┌─ Source data

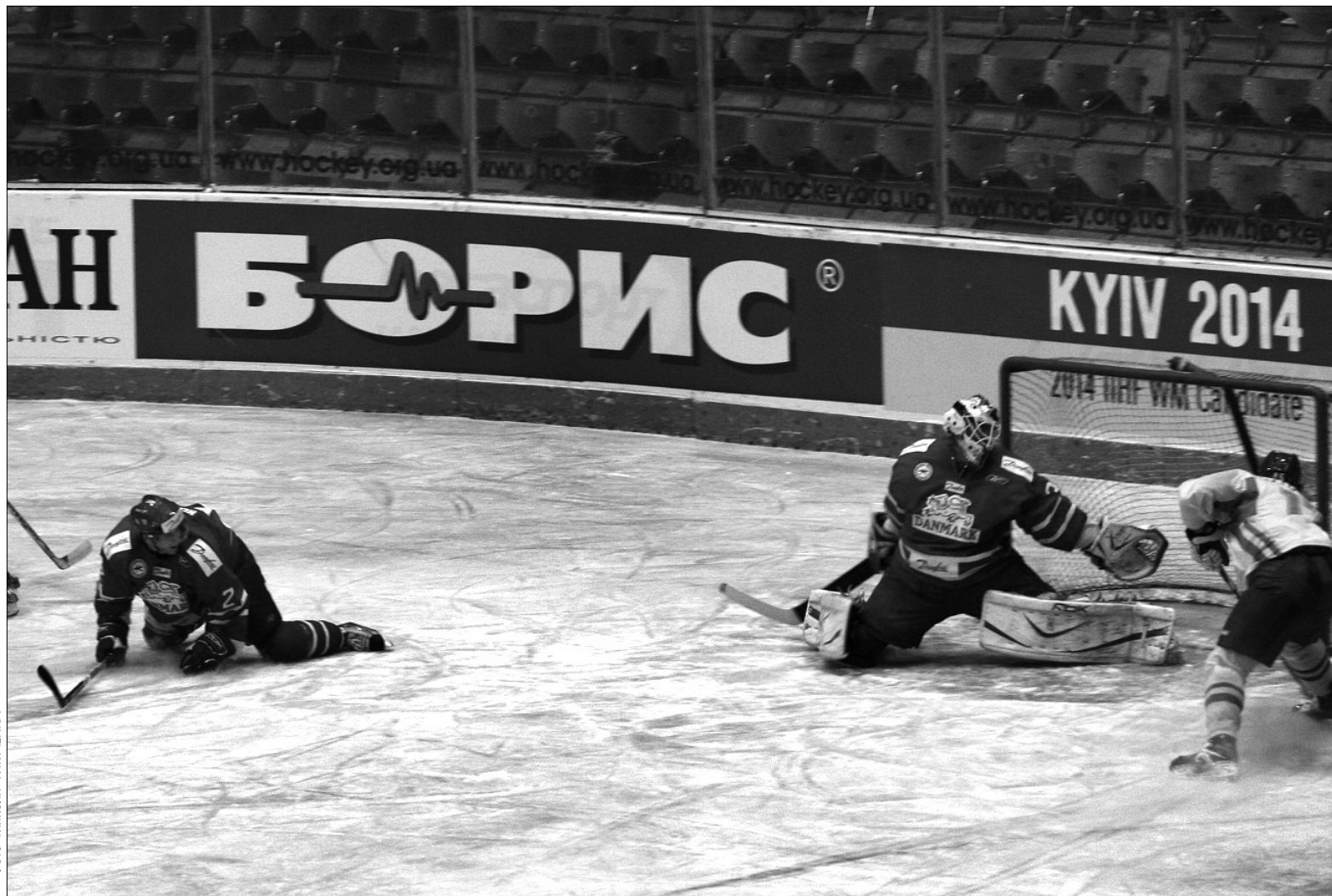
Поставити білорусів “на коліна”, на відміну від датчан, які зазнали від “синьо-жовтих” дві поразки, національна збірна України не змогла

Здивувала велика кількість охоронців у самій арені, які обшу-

└─
┌─ Source data

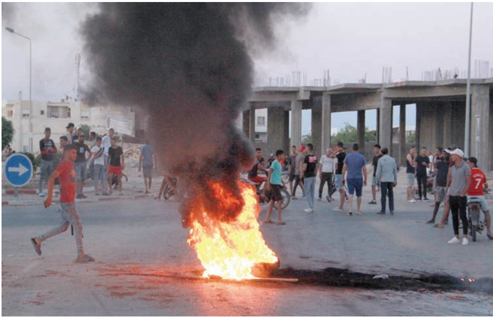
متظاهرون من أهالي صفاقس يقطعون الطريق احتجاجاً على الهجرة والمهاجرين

└─
┌─ Source data

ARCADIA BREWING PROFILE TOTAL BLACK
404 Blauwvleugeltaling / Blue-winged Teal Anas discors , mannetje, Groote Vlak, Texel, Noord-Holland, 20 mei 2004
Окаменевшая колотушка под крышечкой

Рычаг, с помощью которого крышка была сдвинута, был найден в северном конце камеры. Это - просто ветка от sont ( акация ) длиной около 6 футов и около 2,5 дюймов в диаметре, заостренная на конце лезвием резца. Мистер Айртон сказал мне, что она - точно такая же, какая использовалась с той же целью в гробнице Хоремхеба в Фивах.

└─

Task: When the line with "Окаменевшая колотушка под крышечкой" is reached in the data above, start copying there, and copy each line exactly until the line with "Рычаг, с помощью" has been copied; copy nothing else.

Result of the task:
Окаменевшая колотушка под крышечкой

Рычаг, с помощью которого крышка была сдвинута, был найден в северном конце камеры. Это - просто ветка от sont ( акация ) длиной около 6 футов и около 2,5 дюймов в диаметре, заостренная на конце лезвием резца. Мистер Айртон сказал мне, что она - точно такая же, какая использовалась с той же целью в гробнице Хоремхеба в Фивах.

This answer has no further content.